● **Your task**
Beginning with the line that contains "Bối cảnh chính", restate each line below through the final one exactly, and exclude the pictures.

● **Available data**
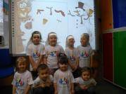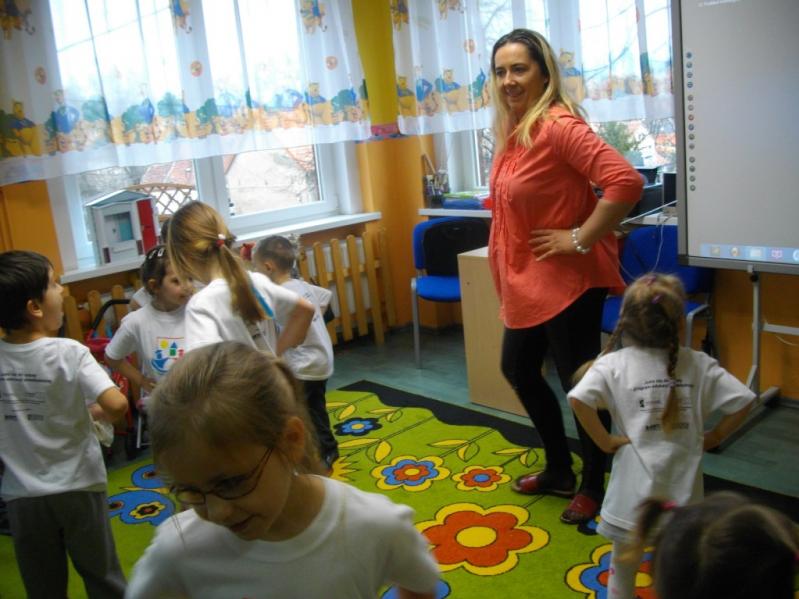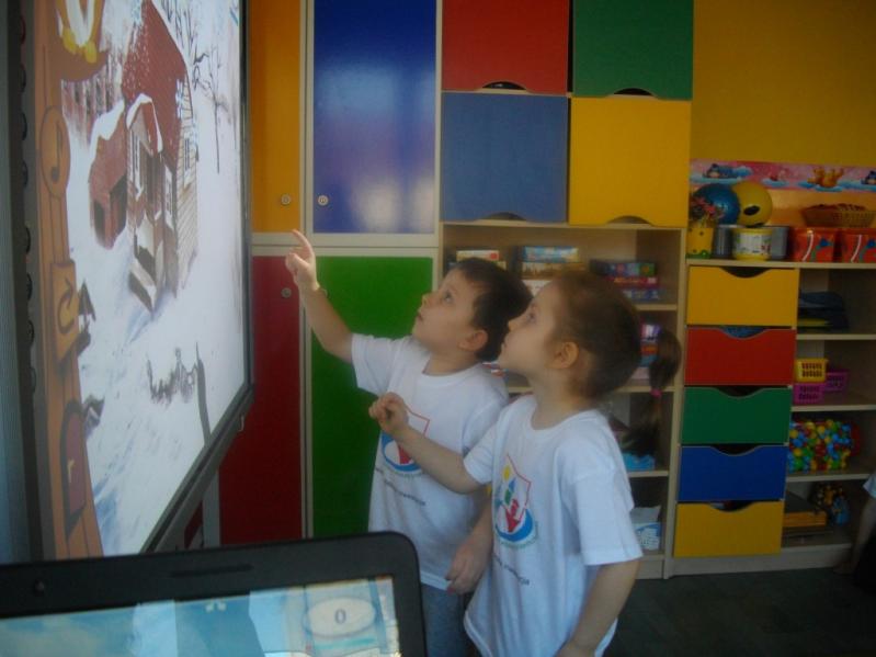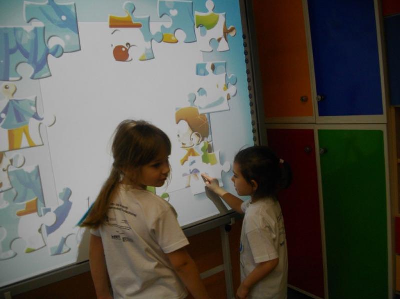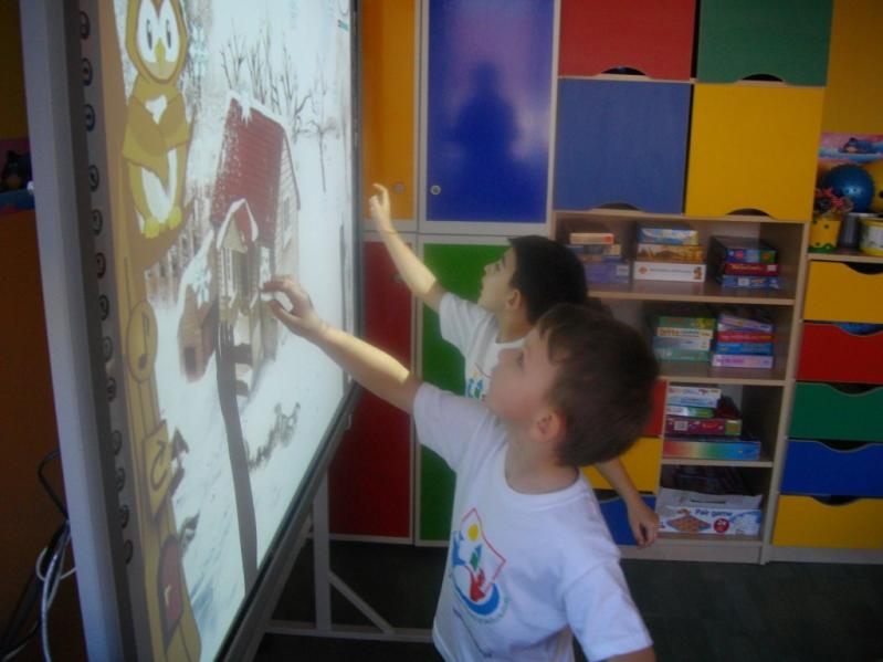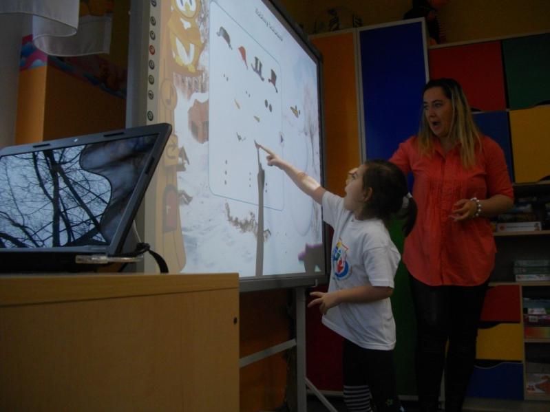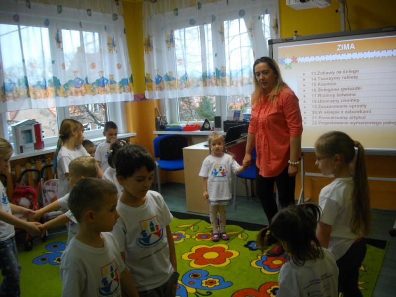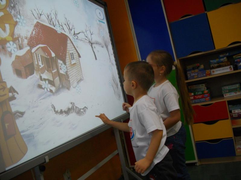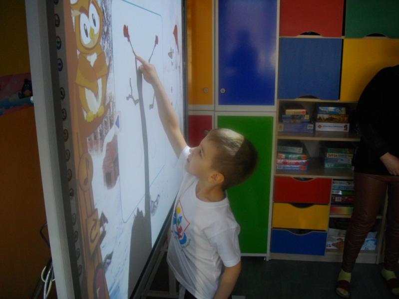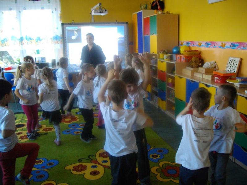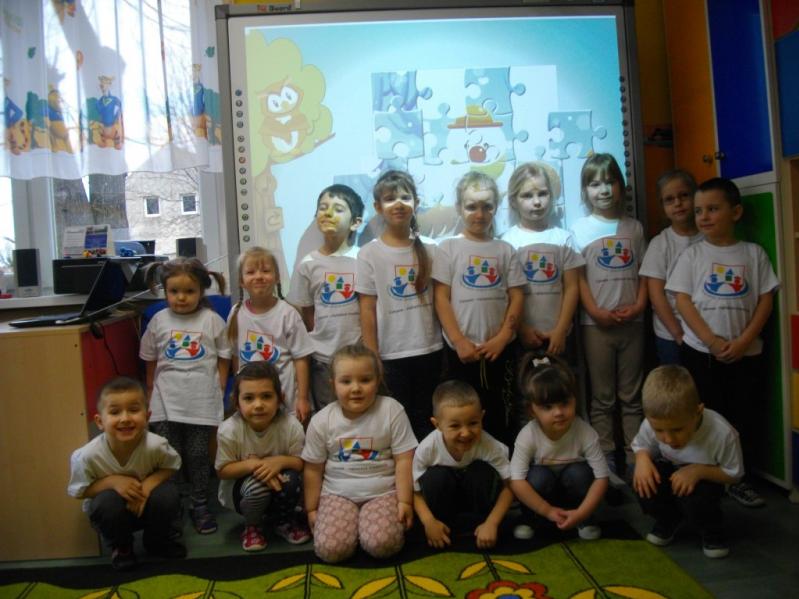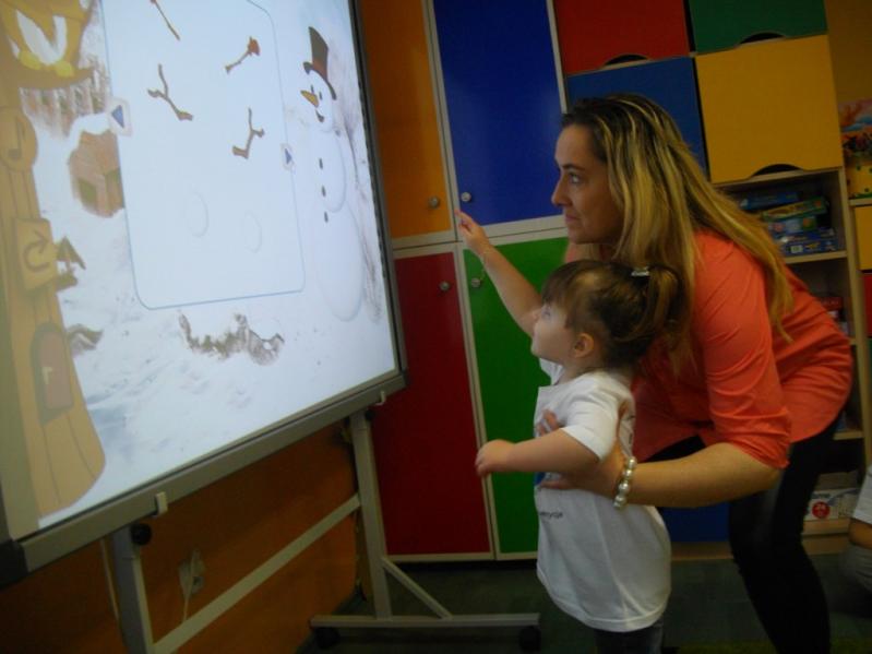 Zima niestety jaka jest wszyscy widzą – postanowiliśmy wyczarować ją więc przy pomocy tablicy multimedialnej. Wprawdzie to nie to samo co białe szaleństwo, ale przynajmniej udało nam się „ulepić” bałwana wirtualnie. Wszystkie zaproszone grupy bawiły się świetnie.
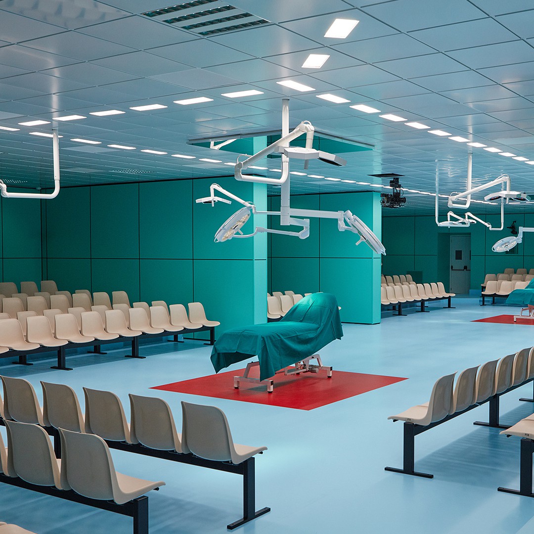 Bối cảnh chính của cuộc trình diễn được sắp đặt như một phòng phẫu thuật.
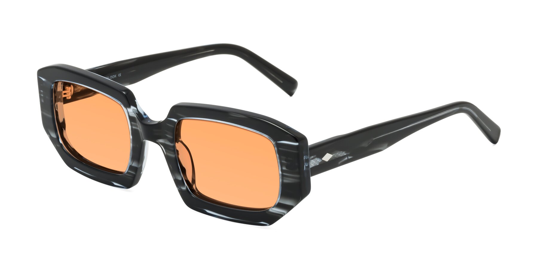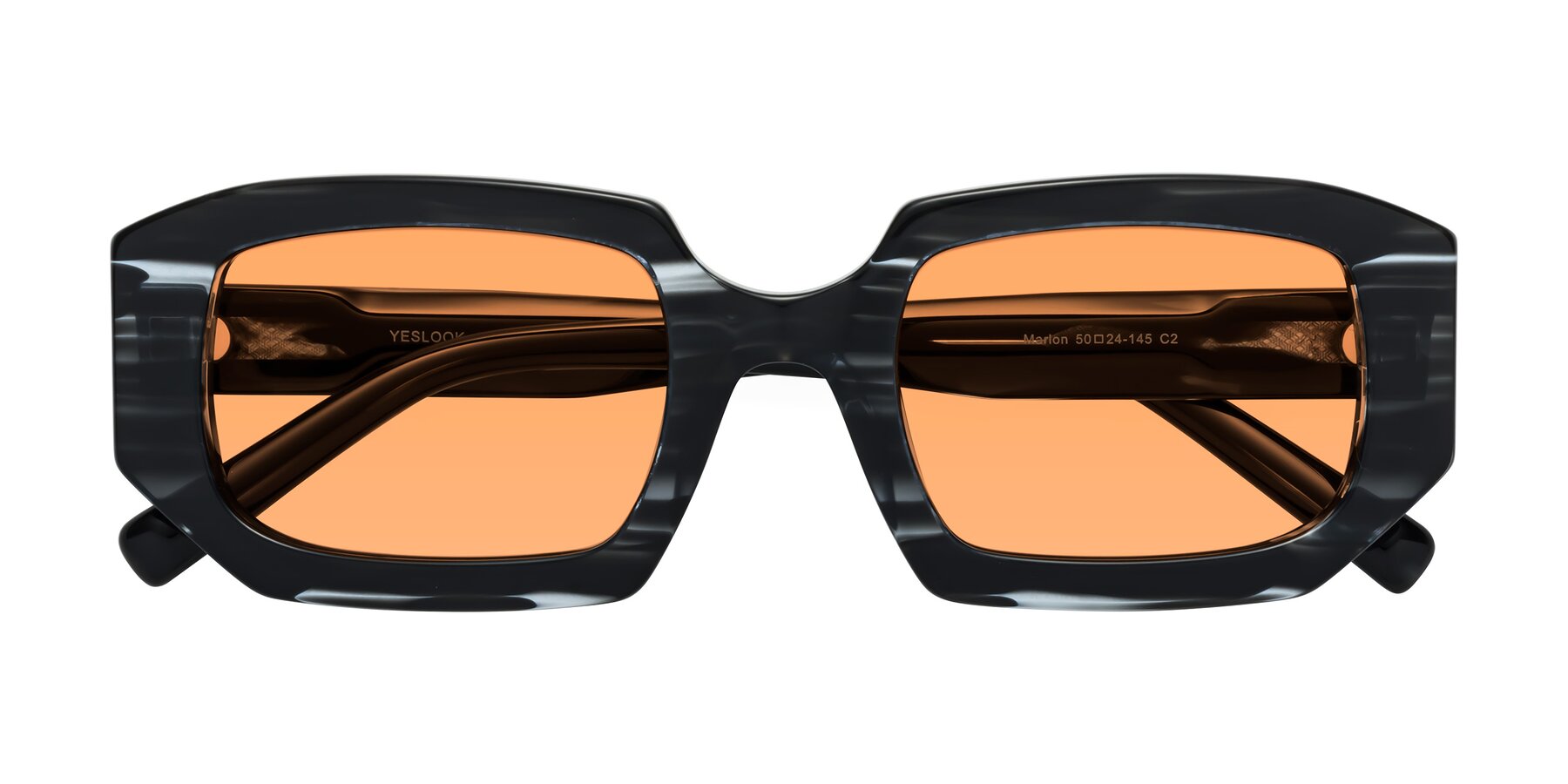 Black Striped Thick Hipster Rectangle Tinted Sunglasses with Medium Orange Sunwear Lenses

● **Output**
 Bối cảnh chính của cuộc trình diễn được sắp đặt như một phòng phẫu thuật.
 Black Striped Thick Hipster Rectangle Tinted Sunglasses with Medium Orange Sunwear Lenses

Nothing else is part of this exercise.